Hindley-Milner in JavaScript

A fundamental part of programming is how we document the code we write. Today we’ll look at a way to document functions in JavaScript.

Last week we saw how to compose functions in JavaScript. As we mentioned, once you create a function, what matters most is how it relates to other functions, not so much its implementation.

To understand this relationship, we need to think about the data types that functions receive and return.

In JavaScript, values are what have types, not variables — Types in JavaScript

JavaScript doesn’t have a strong type system for its variables. To check types, you could use a library like Flow.

Today we’ll look at a way to document functions using a system from functional programming that’s pretty simple and turns out to be very useful when reading code.

Hindley-Milner

This is a type system created for Lambda Calculus, used in functional languages, mainly Haskell.

Let’s see how we can document our functions using this system.

Hindley-Milner is a fairly simple notation that gives us clarity on how a function behaves with respect to its types.

Remember that types are basically a collection of values. For example, if we’re talking about the Boolean type, it’s a collection of two values (True, False).

Let’s start by looking at how basic types are written.

Basic Types

Bool    —  booleanos
Char    —  Caracter sencillo
String  —  Cadena de caracteres
Integer —  Números enteros
Float   —  Números con punto flotante

List Types

Lists are sequences of values and are fundamental in any functional language (JavaScript isn’t a purely functional language, so lists are a special kind of object).

Arrays

Arrays are collections of a single type. To write them, we can use the type that composes them regardless of the length.

// xs :: [Bool]
const xs = [False, True, False, True]
// ns :: [Char]]
const ns = ['a', 'b', 'c']

We can also write lists of lists:

xss :: [[Char]]
const xss = [['a'], ['a','c']]

Arrays are typically written with names like xs, ns, xss

Tuple Types

JavaScript doesn’t have a tuple type, but it’s an important data type.

A tuple is a sequence of values of different types.

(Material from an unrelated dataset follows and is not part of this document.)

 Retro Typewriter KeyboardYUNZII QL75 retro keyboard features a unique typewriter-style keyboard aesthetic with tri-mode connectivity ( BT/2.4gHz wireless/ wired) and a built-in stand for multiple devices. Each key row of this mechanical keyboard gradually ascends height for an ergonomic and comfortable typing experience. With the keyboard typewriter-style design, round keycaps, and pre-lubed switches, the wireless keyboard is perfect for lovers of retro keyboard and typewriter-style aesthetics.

We can use them to describe the data types that a function accepts.

// (Bool, Bool)
(False, True)

// (Bool, Char, Integer)
(False, 'a', 12)

Now that we’ve covered the data types typically used in functions, let’s see how to document them.

Documenting Our Functions

As we know, a function is a mapping from values of one type to values of another type (or the same type). We can write this relationship using an arrow that represents the function.

// not :: Bool → Bool
const not = (a) => !(a);

// isDigit :: a → Bool
const isDigit = (x) => typeof(x) === 'number'

// add :: (Int, Int) → Int
const add = (x,y) => x + y

// take :: ([a], Int) → a
const take = (xs, i) => xs[i]

// length :: String → Number
const length = (a) =>  return a.length

As you can see, documenting a function is pretty straightforward and gives us information about what types the function accepts and returns.

For example, the add function receives a tuple of two numbers and returns a number.

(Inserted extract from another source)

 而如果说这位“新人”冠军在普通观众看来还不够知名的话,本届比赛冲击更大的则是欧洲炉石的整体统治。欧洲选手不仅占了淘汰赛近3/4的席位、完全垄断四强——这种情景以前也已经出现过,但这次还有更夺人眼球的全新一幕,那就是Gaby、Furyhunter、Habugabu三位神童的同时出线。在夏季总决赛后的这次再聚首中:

But if we look at the isDigit function, we see something interesting: its input type is written as a. That’s because this function doesn’t receive a specific type — it can receive various types.

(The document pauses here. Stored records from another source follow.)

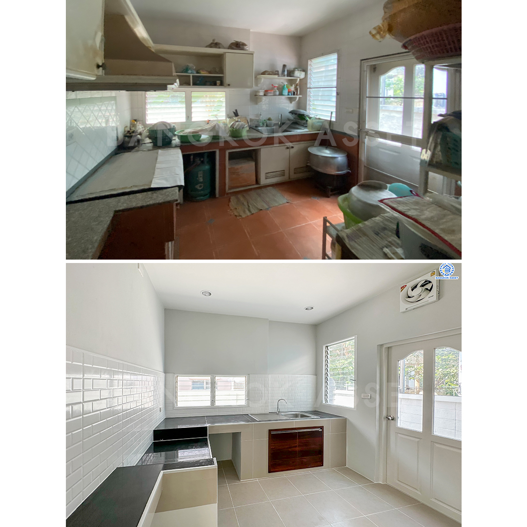 ห้องครัว เราเปลี่ยนกระเบื้องใหม่ให้ทั้งพื้น ผนัง และเคาน์เตอร์ครัว เหมือนบ้านต่อเติมใหม่ ใช้งานได้อีกยาวเลยครับ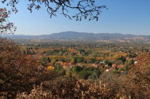 For Tuesday’s sunset, I headed up onto Girard Ridge, which has a particularly pleasing perspective on Mount Shasta. This view is also blessed with a lot of good fall color. While most of the trees around the base of the mountain have faded in the fall show, many of the trees above the Sacramento River are still clinging to their leaves, giving the forest bright spots of color. The addition of clouds to catch the evening light made this view even better!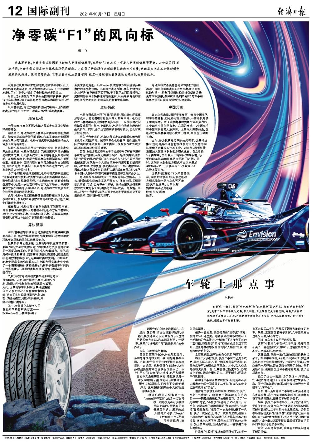 从本赛季起,电动方程式被国际汽联纳入世界级锦标赛,成为继F1之后又一项单人世界级锦标赛赛事。与传统的F1赛车不同,电动方程式赛车处处体现出环保的理念。它吸引了新能源汽车领域最先进的技术力量,已然成为汽车工业低碳绿色发展的风向标。更有意思的是,它要求赛车电池容量相同,这意味着该项比赛真正比的是车队的算法能力。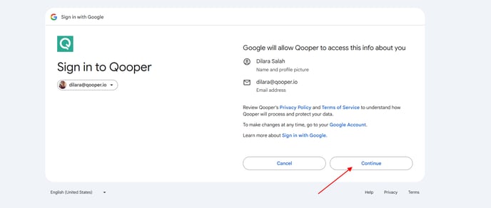 3- The Google access permission window will pop up. Click on "Allow" to connect your Google account with Qooper.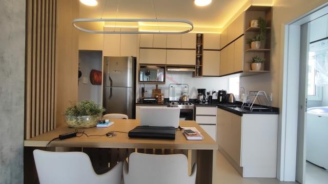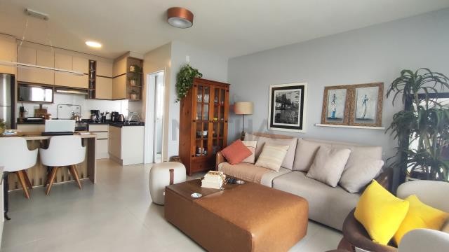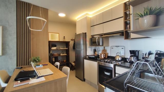 Apartamento com 02 quartos, sala e cozinha, 01 banheiro, churrasqueira, área de serviço e 01 vaga de estacionamento.São 58 m² privativos..

Let’s explore this a bit further.

Polymorphic Functions

// length :: [a] → Int
const length = (xs) => xs.length();
length([true, false, true]); // 3
length([1,2,3,4,5]); // 5

// id :: a → a
const id = (x) => x

id('a'); //a
id(12); //12

The id function can receive values of any type, so we write its type with a. Type variables are written with letters like a, b, c, etc.

A type variable must start with a lowercase letter, while fixed types start with an uppercase letter.

Curried Functions

As we know, we can write curried functions, so we can document them as follows:

// add :: Int → Int → Int
const add = x => y => x + y
// map :: (a → b) → [a] → [b]

const map = curry(function(f, xs) {
  return xs.map(f);
});

// reduce :: (b -> a -> b) -> b -> [a] -> b
const reduce = curry(function(f, x, xs) {
  return xs.reduce(f, x);
});

The value that the function returns is the last one, and we can group functions from right to left.

The map and reduce functions are a bit more complex than the previous ones, but with this documentation, their purpose becomes clear.

Overloading a Function

A polymorphic function is called overloaded if its type contains one or more constraints.

For example:

sum :: Num a => (a, a) → a

In this sum function, before the arrow (=>) we’re clarifying that type a must be a numeric type.

This way, we’re putting a condition on which types can be used.

sum [1,2,3]
sum ['a','b','c'] -> error

Some of the constraints you can use are:

Num, numeric type
Eq , type that can compare equality
Ord, type that can be ordered

Conclusion

This documentation system is used in the functional programming community. If you read the Ramda documentation, you’ll see it uses this notation to document its methods.

While this notation doesn’t have an implementation in JavaScript, we can use it as documentation that will give us important information when composing functions.